**WHAT IS REQUIRED**:
Please output exactly the lines below, starting at the line that has "На выставке представлены" and ending at the line that has "She was tiny.", both included; leave out all pictures and include nothing else.

**ENTRIES SHOWN**:
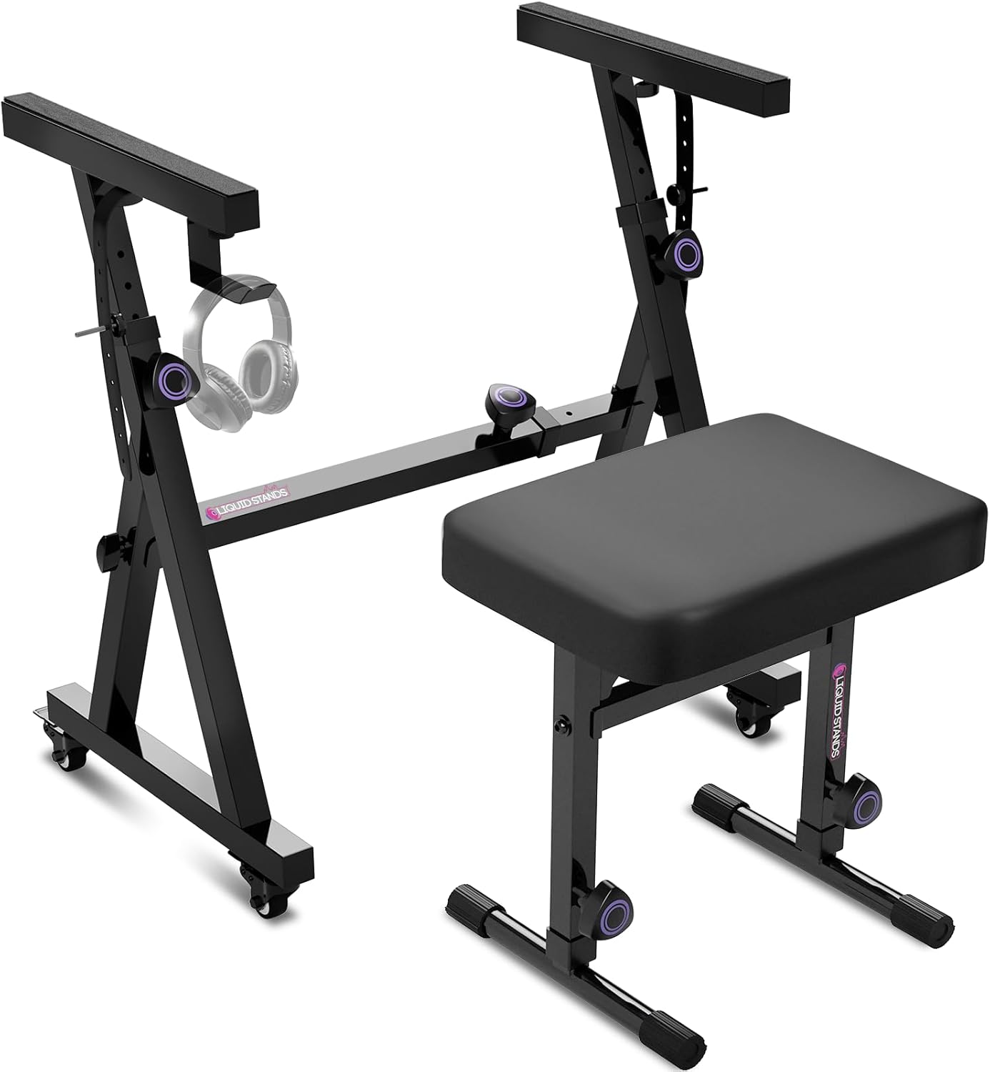 Liquid Stands Piano Keyboard Stand and Bench Set - Portable Heavy Duty Music Stand for 54-88 Key Electric Pianos & Adjustable Piano Bench, Stool - Sturdy Keyboard Music Accessories w/ Wheels and Seat
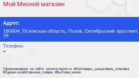 Мой Мясной, магазин по адресу 180004, Псковская область, Псков, Октябрьский проспект, 39 в дальнейшем Организация, размещена в следующих категориях:
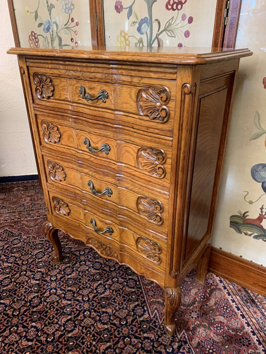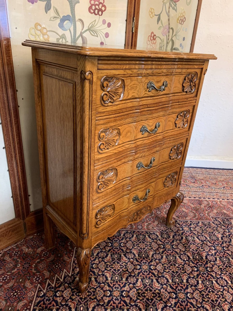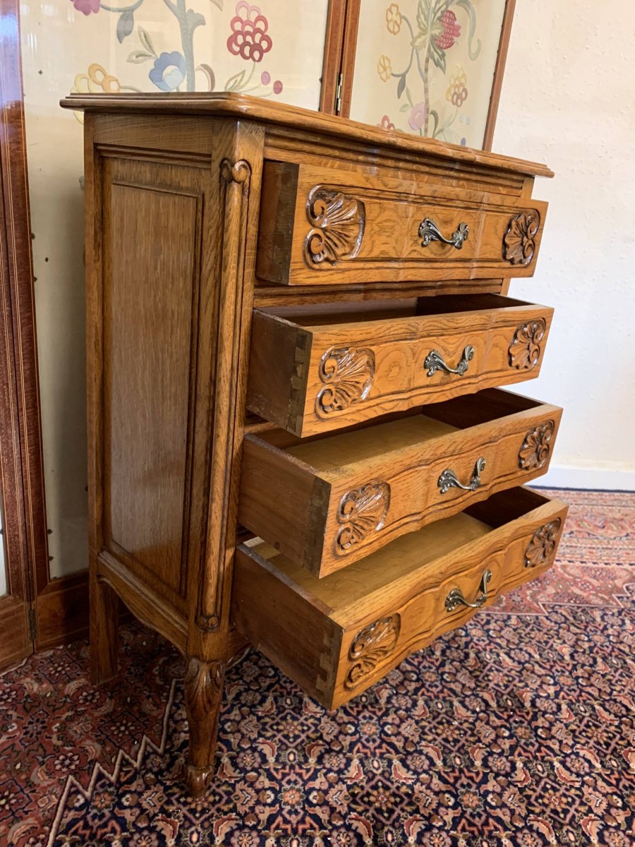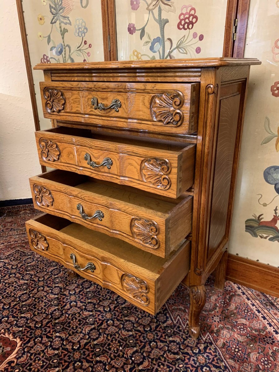 - Fantastic Quality French Carved Oak Neat Sized Chest Of Drawers – Now Sold
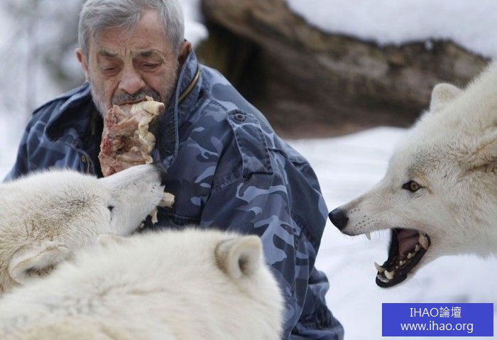 德國薩爾州的79歲男子佛羅因德堪稱不折不扣的「狼人」。1972年,他創建了一個狼群保護區。自那時起,他共飼養過70餘隻各種品種的狼。為了確立自己在狼群中的領袖地位,他堅持有肉自己先吃,然後才允許狼吃。就這樣,他成了「狼王」,狼群不但不會攻擊他,而且聽命於他。
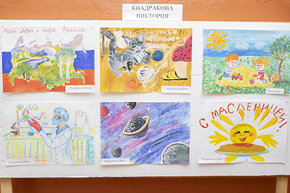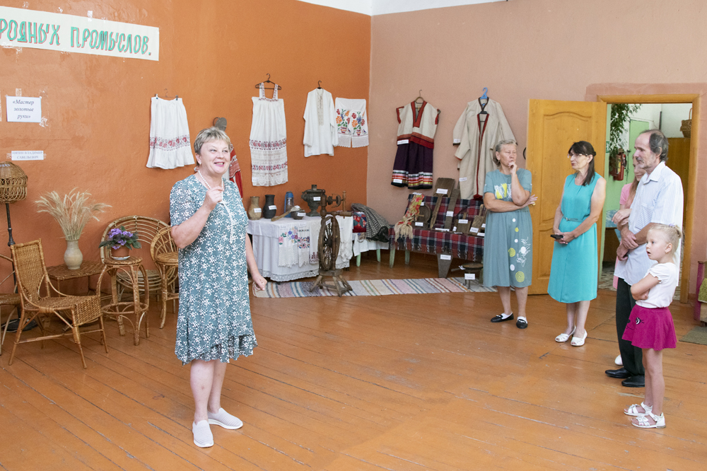 На выставке представлены экспонаты краеведческого музея Калининской школы, работы из лозы Владимира Нятина, вязаные изделия Ольги Нятиной, алмазная мозаика и вышивка Ирины Пирожковой, рисунки Виктории Квадраковой.
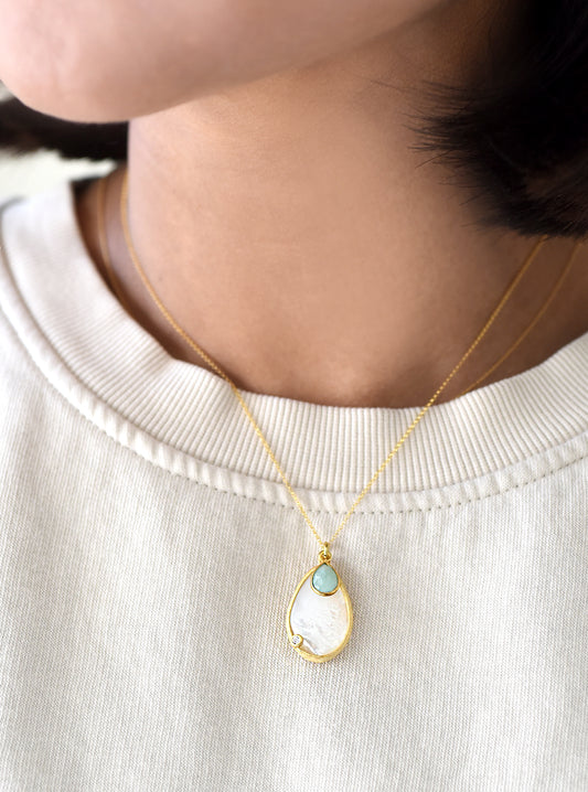 Shining Druzy Small Teardrop Genuine Diamond Necklace
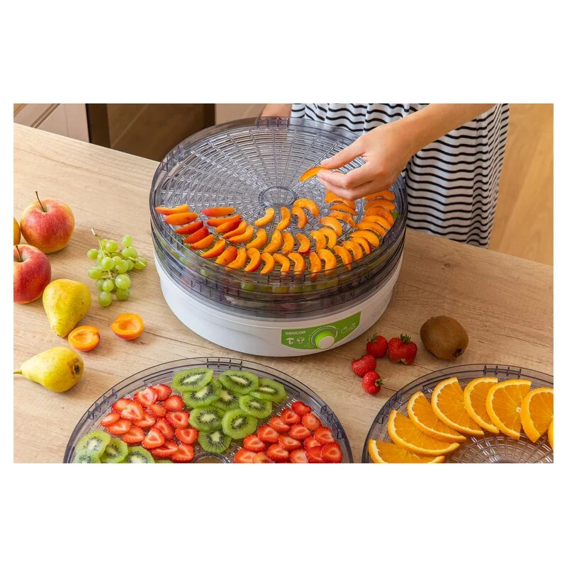 میوه خشک کن سنکور SFD 2105WH از جنس پلاستیک مرغوب و غیر قابل بو بوده و دارای ظاهری شیک میباشد. همچنین دارای 5 طبقه مجزا و زیبا بوده که هر طبقه حجم مناسبی را جهت خشک کردن دارا است. مهمترین مزیت میوه و سبزی خشک کن سنکور مدل SFD 2105 چندکاره بودن آن است. یعنی از این دستگاه علاوه بر خشک کردن میوه و سبزیجات قادر هستید، گوشت، مرغ، آجیل و هر نوع گیاه را به راحتی خشک کنید.
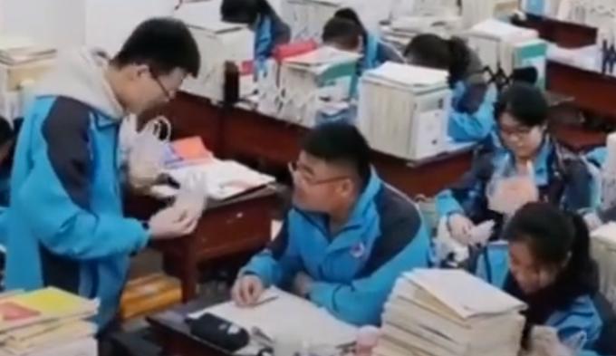 视频中,男生双手提满帮同学带的餐,嘴里还叼着几份,小碎步跑进教室,随后,分给正在教室学习的同学。班主任莫老师表示,这些学生都是班里的尖子生,因为高三学习紧张,所以他们轮流帮忙带饭节省时间。
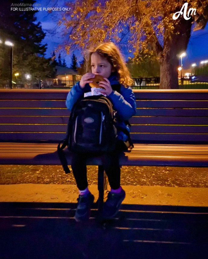 She was tiny. Her dark brown hair was tangled, a little too long, like it hadn’t been brushed properly in days. Her backpack hung off one shoulder as if it were too heavy for her. Her legs didn’t reach the ground. They just swung back and forth, slow and unsure, like she didn’t know whether to run or stay put.
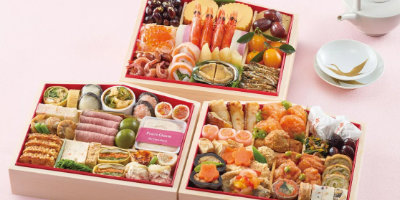 二の重:和牛ローストビーフ、芝海老伊達巻き、鮭の砧巻き、本ずわい蟹のテリーヌ、銀ダラ粕漬け、三河産こはだ土佐酢漬け、金柑蜜煮、国産栗のきんとん、スモークサーモン、やわらか蒸し鶏の葱ソース 三の重: ごぼう旨煮、竹の子旨煮、海老だんご含ませ煮、車海老旨煮、浜名湖産うなぎの蒲焼き、こんにゃく山椒煮、北海道産ほたて旨煮、京丹波産大黒本しめじ旨煮、北海道産つぶ貝の煮付け、本ずわい蟹甘酢漬け、椎茸つや煮、たこ旨煮、人参梅煮 |
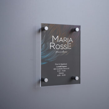 La TARGA PERSONALIZZATA THIN LINE PLEXPLATE con la sua forma allungata offre un design semplice ed elegante ideale per la realizzazione di targhe nominative all'ingresso degli uffici.

**WRITTEN SOLUTION**:
 На выставке представлены экспонаты краеведческого музея Калининской школы, работы из лозы Владимира Нятина, вязаные изделия Ольги Нятиной, алмазная мозаика и вышивка Ирины Пирожковой, рисунки Виктории Квадраковой.
 Shining Druzy Small Teardrop Genuine Diamond Necklace
 میوه خشک کن سنکور SFD 2105WH از جنس پلاستیک مرغوب و غیر قابل بو بوده و دارای ظاهری شیک میباشد. همچنین دارای 5 طبقه مجزا و زیبا بوده که هر طبقه حجم مناسبی را جهت خشک کردن دارا است. مهمترین مزیت میوه و سبزی خشک کن سنکور مدل SFD 2105 چندکاره بودن آن است. یعنی از این دستگاه علاوه بر خشک کردن میوه و سبزیجات قادر هستید، گوشت، مرغ، آجیل و هر نوع گیاه را به راحتی خشک کنید.
 视频中,男生双手提满帮同学带的餐,嘴里还叼着几份,小碎步跑进教室,随后,分给正在教室学习的同学。班主任莫老师表示,这些学生都是班里的尖子生,因为高三学习紧张,所以他们轮流帮忙带饭节省时间。
 She was tiny. Her dark brown hair was tangled, a little too long, like it hadn’t been brushed properly in days. Her backpack hung off one shoulder as if it were too heavy for her. Her legs didn’t reach the ground. They just swung back and forth, slow and unsure, like she didn’t know whether to run or stay put.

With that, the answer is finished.